An image of myself culled from a dream dreamt long ago seems suddenly right and brings me peace and restores my soul to a measure of what it’s meant to be.
In the dream I stood tall and straight arms outstretched fingers reaching starbursts bursting from my heart. And from my forehead grew a tree mighty and strong of oak, I think, and spreading crown.
This vision, long forgotten, sent from the Goddess herself, returns to me unbidden a soothing balm for uncertainty.
Green hills roll and farmers’ fields stretch
side by side with fingers of forested tracts,
an ebb and flow of fertile terrain.
New leaves stain the trees,
pale silk over naked shoulders.
Mist diffuses the clouded light,
enshrouds the slumbering knolls.
The ambience settles behind my eyes
and cozies around my heart.
Cool drizzle freckles my skin and curls my hair.
I feel content.
Sitting by the roasty fire basking in its cozy warmth, a pause in the day’s activities allows a moment of reflection.
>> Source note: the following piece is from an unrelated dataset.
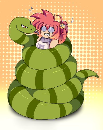 For somepure , Satoko Hojo sitting while wrapped up by a snake.Sketched in Paint.NET, everything else done in Inkscape.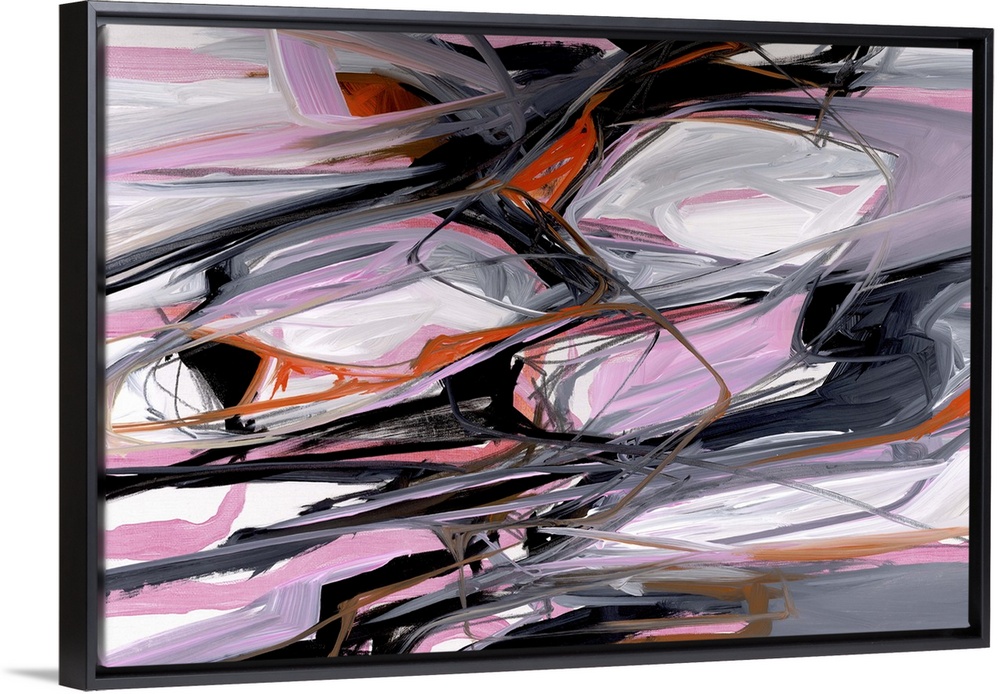 <p>Contemporary abstract painting in contrasting shades of pink, orange, and black.</p>

Grocery shopping, heavy lifting and carrying up and down endless stairs, sheet-changing and laundry and shoveling snow echo in my aching back, then ease into a crackle as I settle on the couch.
It’s late, almost bedtime. My son winds down with his usual burst of nighttime activity. In the background drones the TV, and in the flickering dimness glow the softly colored tree-lights.
It’s because of moments like this, when all of life’s contentment unfolds in my soul with spreading wings of comfort, I almost don’t mind that, after my son drifts off into sleep (and before I can drift off into my book), I still have to wrap the presents.
Under thick foliage, small stone steps wind their way down the hill to the water their coats of moss cool and moist shield the rocks from my sight until it’s much too late.
My foot slides down I go with a shriek that cuts the air and echoes far across the valley rough and tumble bouncing and jouncing praying hard that no one hears or sees me.
I test my limbs and listen close for creaks and cracks my butt hurts but not as much as my pride I start again down the hill but this time I avoid the slippery mossy stairway.
Oh, Bridge,
tell me your stories
of feet that tread your ribs
across peaceful chattering water
that laughs and plays
over rocks and roots and fish.
Tell me of giggling children
walking hand in hand
pointing and pounding,
scaring minnows from your shadow
as they trample
one side to the other.
Tell me of lovers
leaning across your rail
and into each other’s bodies
smiling at the pair of ducks
wading warily near their nest
beneath your sheltering belly.
Tell me of the weary
whose souls bear scars
of love and death and sorrow
who sigh heavily
upon broken dreams
while pondering silvery depths.
Tell me of the aged
with deeply carved planes
and backs bowed
by the burden of living,
as your bowed spine
bears their weary weight.
Aches radiate from deep within the marrow of my bones-- phalanges, metatarsals, tibia phlanages, metacarpals, radius right big toe right thumb. My body speaks with the rain.